If we stay in this place of ruminating over our regrets and guilt, we are spared a bit from the acknowledgement of all our loss. Maybe it is easier to talk about our feelings of guilt than it is to live with the reality of all the things that will not happen now that they are gone.

It is all HARD. Guilt is crushing; mourning is like having heart surgery without anesthesia - every damn day.

But here's the thing - guilt is not really a gift unless it is true, legitimate wrongdoing - if that is true, then we know how to proceed: ask for forgiveness and make amends. However, it is usually not the whole story. Sometimes we give ourselves too much credit for what we perceive we can (or should) control. Secondly, it is expensive. Unremitting, unresolved feelings of guilt steals the present moment. It takes us away from the living.

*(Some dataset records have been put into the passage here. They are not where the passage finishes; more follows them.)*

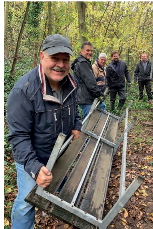
Gemeinsam anpacken: nicht nur beim Aufräumtag

Ich wünsche Ihnen und Ihren Familien ein schönes Weihnachtsfest und ein gesundes und erfolgreiches 2022.
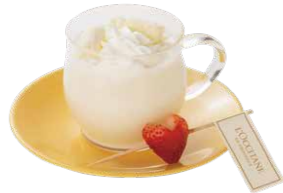
Almond Milk White Hot Chocolate アーモンドミルクのショコラショブラン ¥980

ストロベリーピューレ入りソーダにホイップクリームとローズアイスクリームをトッピングしたクリームソーダ。 ※アイスクリームをバニラ変更できます
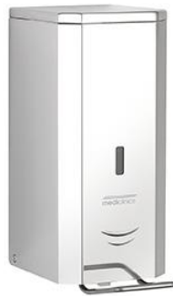
DJP0034C Acabado brillante
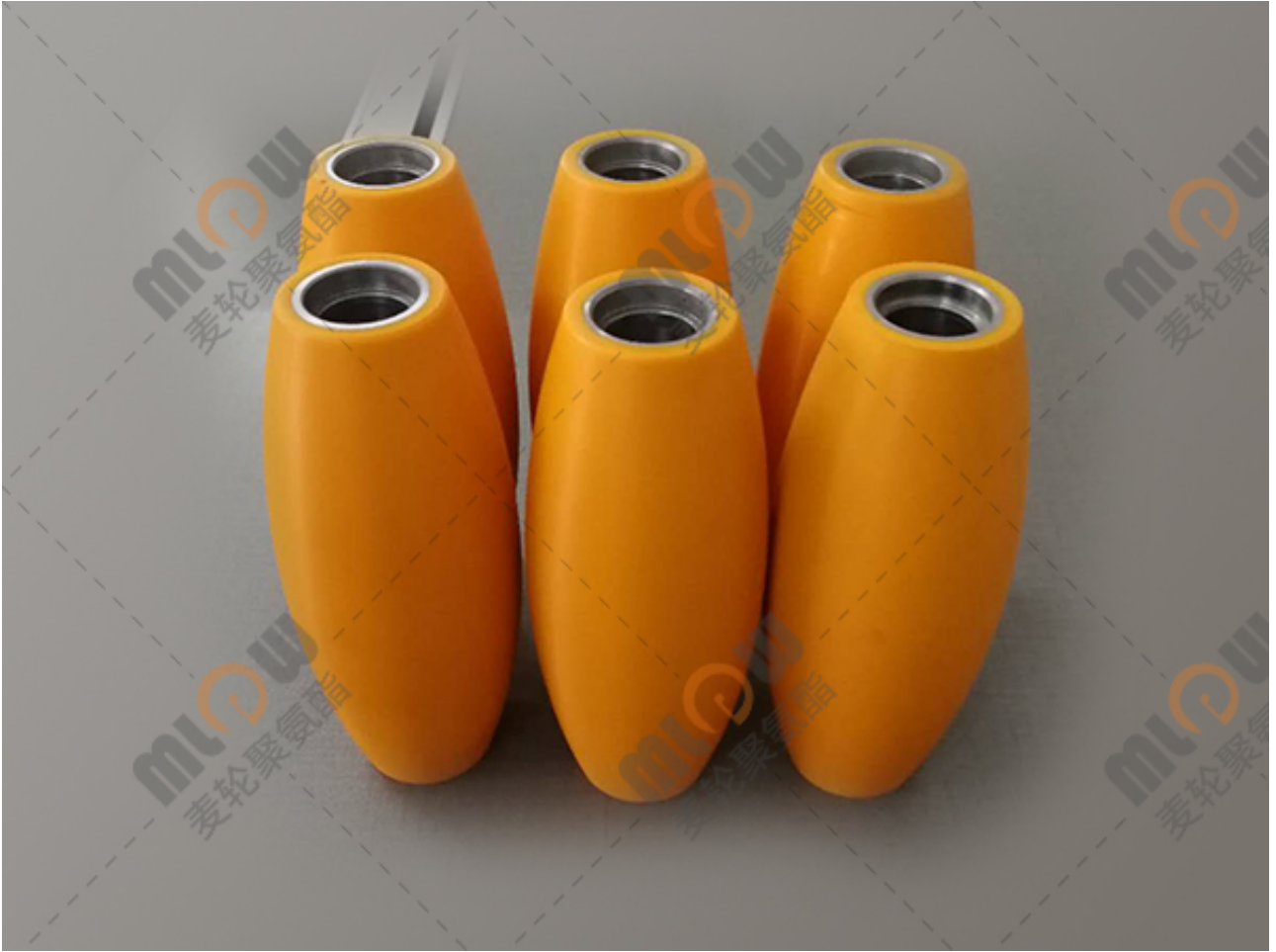
（中型负载麦克纳姆轮）
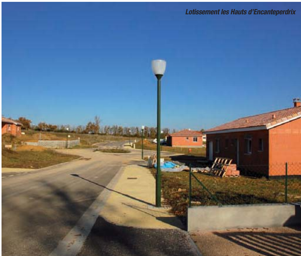
Lotissement les Hauts d'Encanteperdrix

De même, la desserte par le réseau gaz est considérée comme un élément facultatif.
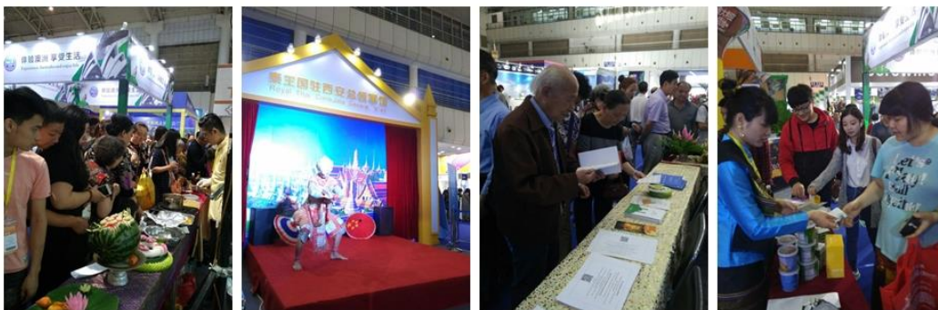
กิจกรรมประชาสัมพันธ์ประเทศไทย ของสถานกงสุลใหญ่ฯ

นอกเหนือจากกิจกรรมเผยแพร่วัฒนธรรมและประชาสัมพันธ์ประเทศไทยของสถานกงสุลใหญ่ฯ แล้ว ยังมีผู้ประกอบการไทยจำนวนหนึ่งเข้าร่วมออกร้านจำหน่ายสินค้า โดยมากเป็นสินค้ากลุ่มเพื่อสุขภาพ อาทิ ยาหม่องสมุนไพร ลูกประคบสมุนไพร หมอนสุขภาพจากยางพารา และเครื่องประดับทำจากดิน นอกจากนี้ ยังมีธุรกิจภาคบริการด้านการท่องเที่ยว อาทิ โรงแรมและบริษัทนำเที่ยวที่มาร่วมออกร้านเพื่อประชาสัมพันธ์ข้อมูลด้วย
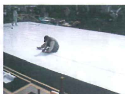
目地フッ素樹脂テープ固定
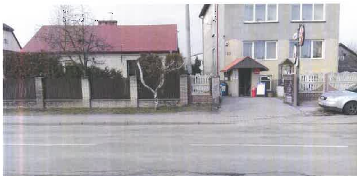
Fot. 3. Nieruchomości położone przy ulicy Krężnickiej 117 i 119.
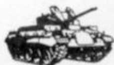
4018 M-42 ANTI-AEREO U.S.A.
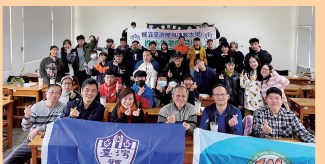
運動教育學院109-1境外生聯誼活動暨師生座談會
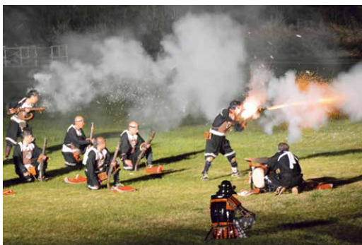
▲砲術隊が出陣の号令で発砲（武禊式）

5月2日と3日は、戦国時代に上杉謙信と武田信玄が対峙した川中島の合戦が再現された。2日は、上杉謙信が合戦前に戦勝祈願として行った武禊式が再現された。最終日の3日は、甲冑姿の武将が市内を練り歩く上杉軍団行列に続き、河川敷では川中島合戦が再現された。多くの観客が訪れた米沢市の一大イベントは、大盛況の内に幕を閉じた。
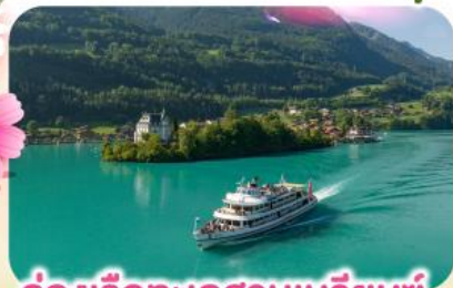
ล่องเรือทะเลสาบเบรียนซ์

พิชิตยอดเขาชุนเนกกา 1 ในเขาที่สวยงามที่สุดเมืองเซอร์แมท
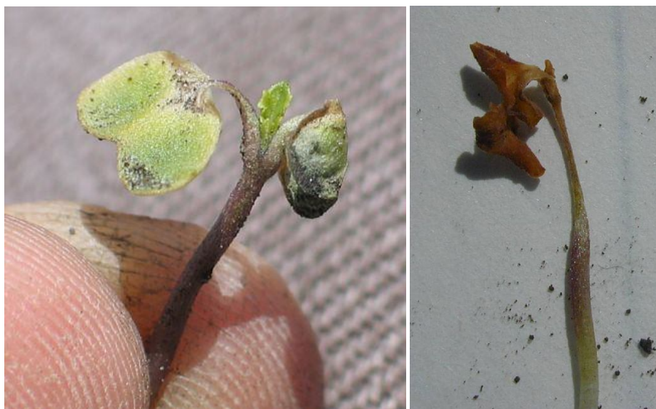
شکل 5- عکس سمت راست کلزای خسارت دیده در سرما و از بین رفته و عکس چپ کوتیلیدون ها خسارت دیده اما ساقه و نقطه رشد آتی سالم می باشند و این گیاه زنده خواهد ماند

سرما های قبل از سبز شدن گیاه تقریباً کشنده هستند و برای منظور برای سرعت دهی به جوانه زنی و خروج از خاک میبایست از روش بذر مال برای سریع سبز شدن استفاده کرد. معمولاً پس از بروز سرما بدلیل آسیب زیاد گیاهچه کار
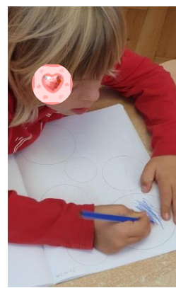
Slika 15. Metalni umetci
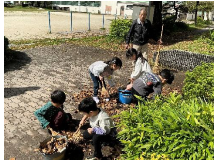
1年生 そうじ用具の使い方
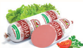
КОЛБАСА "НОВАЯ" САВА, ВАР., 1 КГ
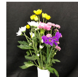
C-1 (お墓用束) 1,100円(税抜 1,000円) [H40cm]
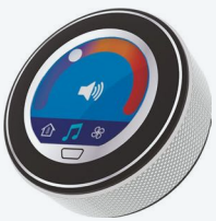
Rueda de diamante plateada
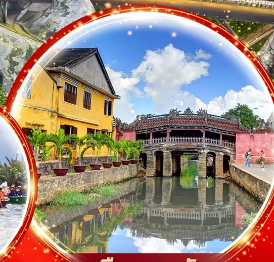
เมืองฮอยอัน
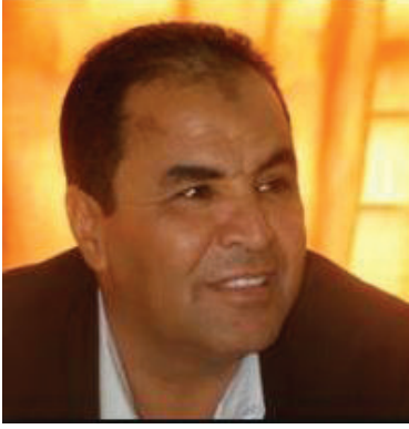
أبو القاسم المرزادوي

تذكر متعة السفر بالقطارات فأراد أن يكتب قصة يحكي فيها عن رجل كان شغوفا بهذه الهواية حد الهوس ، ولأنه من بلد لا يعرف سكانه عن القطارات إلا ما كان يأتيهم من بلدان شرق آسيا من ألعاب تمثل قطارات عديدة تسير على سكك حديدية حلزونية مختلفة الأنواع والأشكال كل يسير بالسرعة والقدر الذي يتوفر في البطاريات المختلفة الأحجام التي تأتي في غالب الأوقات إما مملوءة أو نصف عمر أو فارغة تماماً في كثير من الأحيان ومن نفس البلدان التي تتنافس على صناعة مثل هذه الألعاب التي لا تعمر طويلاً بغض النظر عن حرص أو شقاوة الأطفال المقتنين لمثل هذه الألعاب كباراً كانوا أو صغاراً..

Guilt, the lying little bugger, tells us that it serves as a living tribute to the loss. But guilt really just keeps stealing from the living. Guilt asks us to keep dying for our dead - and that sounds noble, even preferable to our grief over another's passing.

But what if there is another way? What if we acknowledge the specifics of what we cannot undo that was 'wrong' and refuse the offering of a generalized guilty feeling with no legitimate claim to reality? We acknowledge our legitimate wrongdoing and seek forgiveness, make amends. If we find that some of the beliefs that we have held about our guilt are simply not true, then we must move forward. We live. We live to honor the lost. We live well for those among us, our other children, our family that is still present for us to love well.

These are not easy things nor are they appropriate first responses for someone new to grief. But if we find that our grief is interfering with our love for others - maybe it is time to re-evaluate the ways we have thought about our loss. Maybe we need a grief counselor or a grief group to help us reframe our habitual way of thinking about our suffering.

Maybe we need some support for healing.